Step 1: Workspace Preparation
Clone the necessary repositories into your workspace root (e.g., /work1/username/workspace).
# 1. Clone OpenVLA (or your custom fork, e.g., openvla-oft-yhs)
git clone [https://github.com/moojink/openvla-oft.git](https://github.com/moojink/openvla-oft.git)
# 2. Clone LIBERO Benchmark
git clone [https://github.com/Lifelong-Robot-Learning/LIBERO.git](https://github.com/Lifelong-Robot-Learning/LIBERO.git)
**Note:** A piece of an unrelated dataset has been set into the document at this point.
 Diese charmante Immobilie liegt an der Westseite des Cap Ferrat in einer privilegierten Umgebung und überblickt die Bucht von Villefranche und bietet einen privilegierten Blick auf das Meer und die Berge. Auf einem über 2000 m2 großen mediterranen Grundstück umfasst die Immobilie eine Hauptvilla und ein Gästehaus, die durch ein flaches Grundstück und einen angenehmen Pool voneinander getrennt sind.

Step 2: Build the Bulletproof Apptainer Image
We consolidate all fragmented dependencies into a single Apptainer definition file to create a plug-and-play environment.
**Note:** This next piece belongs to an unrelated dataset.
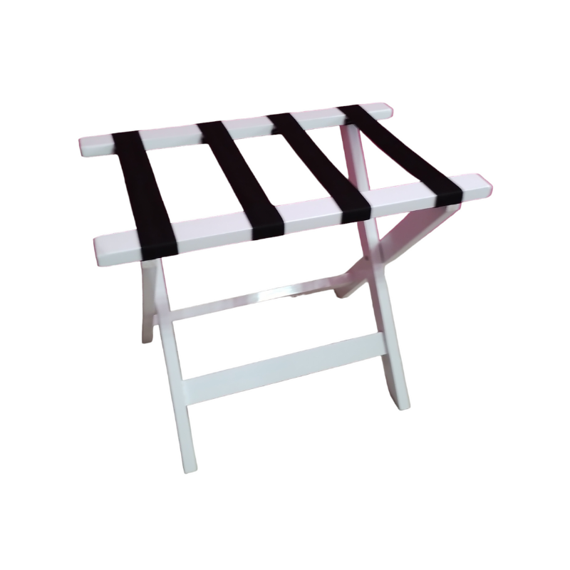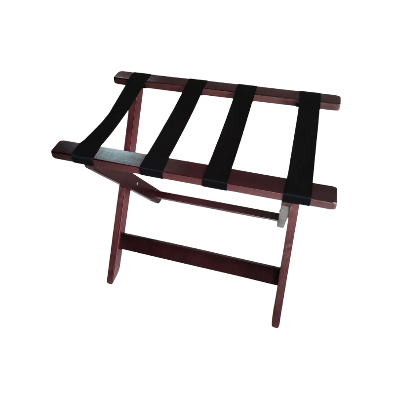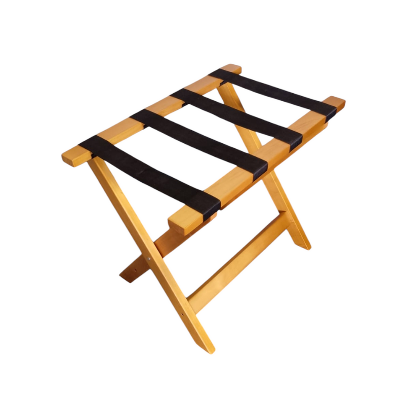 Apoyamaletas plegable de madera con cintas de alta resistencia. Colores: Roble | Wengue | Negro | Blanco

1. Create openvla_rocm.def
Create this file in your root directory and paste the following content:
Bootstrap: docker
From: rocm/primus:v26.1
%environment
export PATH="/opt/ompi/bin:/opt/ucx/bin:/opt/rocm/bin:$PATH"
export LD_LIBRARY_PATH="/usr/local/lib:/opt/rocm/lib:/opt/ompi/lib:/opt/ucx/lib:/usr/lib64:/usr/lib/x86_64-linux-gnu:/usr/lib/x86_64-linux-gnu/libibverbs:$LD_LIBRARY_PATH"
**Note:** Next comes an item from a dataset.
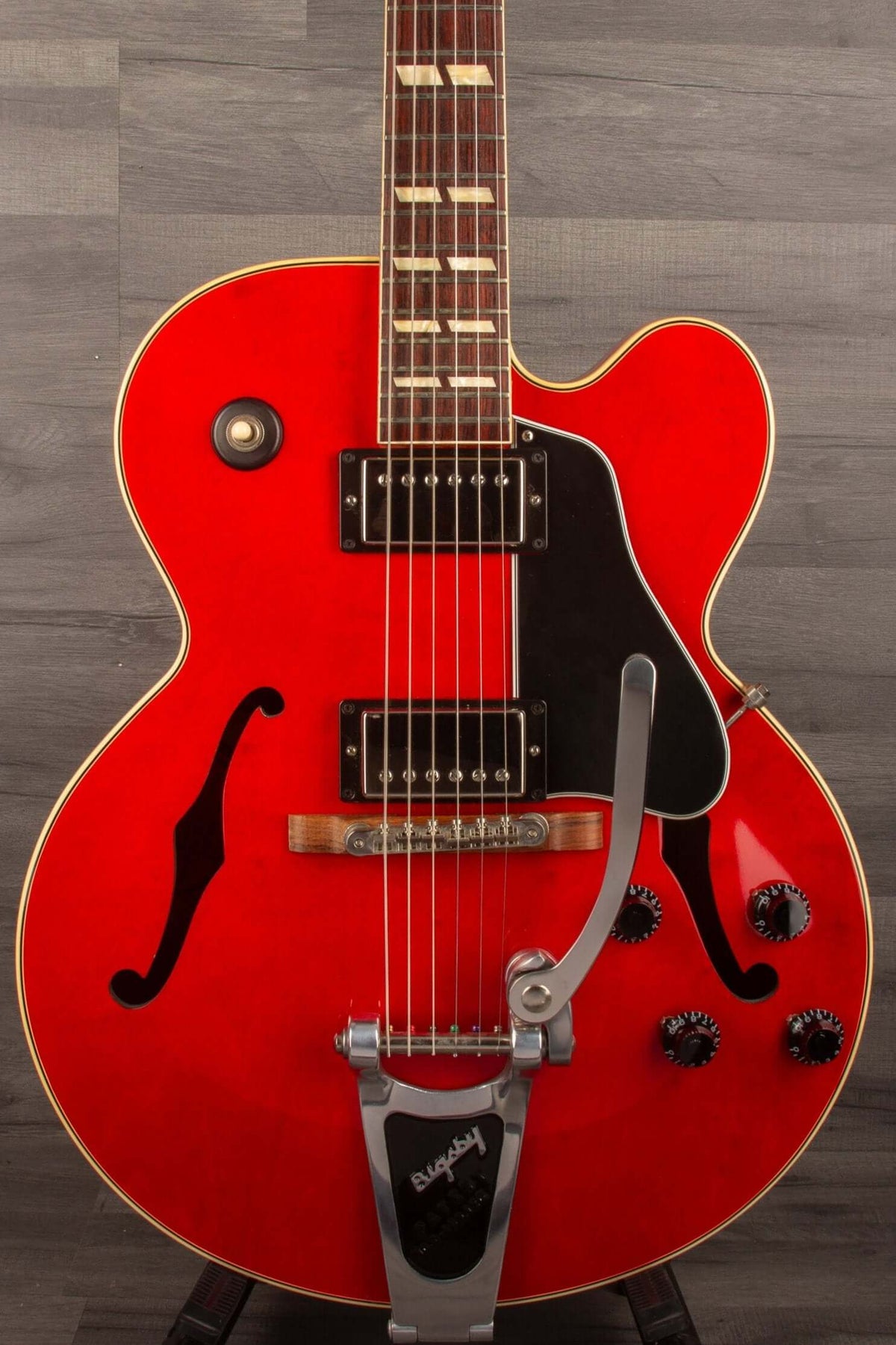 The Gibson ES-275 2016 Bigsby Cherry embraces decades of Gibson's expertise in crafting hollowbody archtop electric guitars, offering a highly refined new model. With its rounded L-5-inspired cutaway and medium-depth body, this guitar boasts exceptional features such as a tubeless Historic truss rod, rolled fingerboard binding, ABR-1 bridge with titanium saddles, a genuine bone nut, trapeze tailpiece, and PAF-inspired MHS humbuckers. This fully hollow archtop is based on the L-5 shape, but with a more compact 2-inch depth for a truly acoustic sound. Along with elegant pearl split-parallelogram inlays, the guitar features a genuine bone nut for enhanced acoustic resonance and sustain. The fingerboard binding is specially rolled to create a smoother playing experience, while the historic truss rod (without a tube) is known for improving resonance and sustain. The MHS humbuckers are top-of-the-line

# CRITICAL: Headless rendering settings for LIBERO
export MUJOCO_GL=osmesa
export PYOPENGL_PLATFORM=osmesa
export ROBOT_PLATFORM=LIBERO
export NUMBA_DISABLE_JIT=1
export TOKENIZERS_PARALLELISM=false
%post
# 1. System dependencies & OSMesa rendering libraries
apt-get update
apt-get install -y \
librdmacm1 libibverbs-dev libibverbs1 ibverbs-providers ibverbs-utils rdma-core \
git cmake gcc g++ make automake autoconf libtool \
pkg-config numactl libnuma-dev librdmacm-dev \
flex bison wget curl libdrm-dev libibumad-dev \
pciutils ethtool libpci-dev \
libegl1-mesa-dev libgles2-mesa-dev \
libosmesa6 libosmesa6-dev libegl1-mesa libgl1-mesa-glx libgles2-mesa
# Fix potential ROCm RDMA driver conflicts
mv /usr/lib/x86_64-linux-gnu/libibverbs/libbnxt_re-rdmav34.so /usr/lib/x86_64-linux-gnu/libibverbs/libbnxt_re-rdmav34.so.inbox 2>/dev/null || true
ldconfig
# 2. Basic tools (replace GUI-based OpenCV with headless)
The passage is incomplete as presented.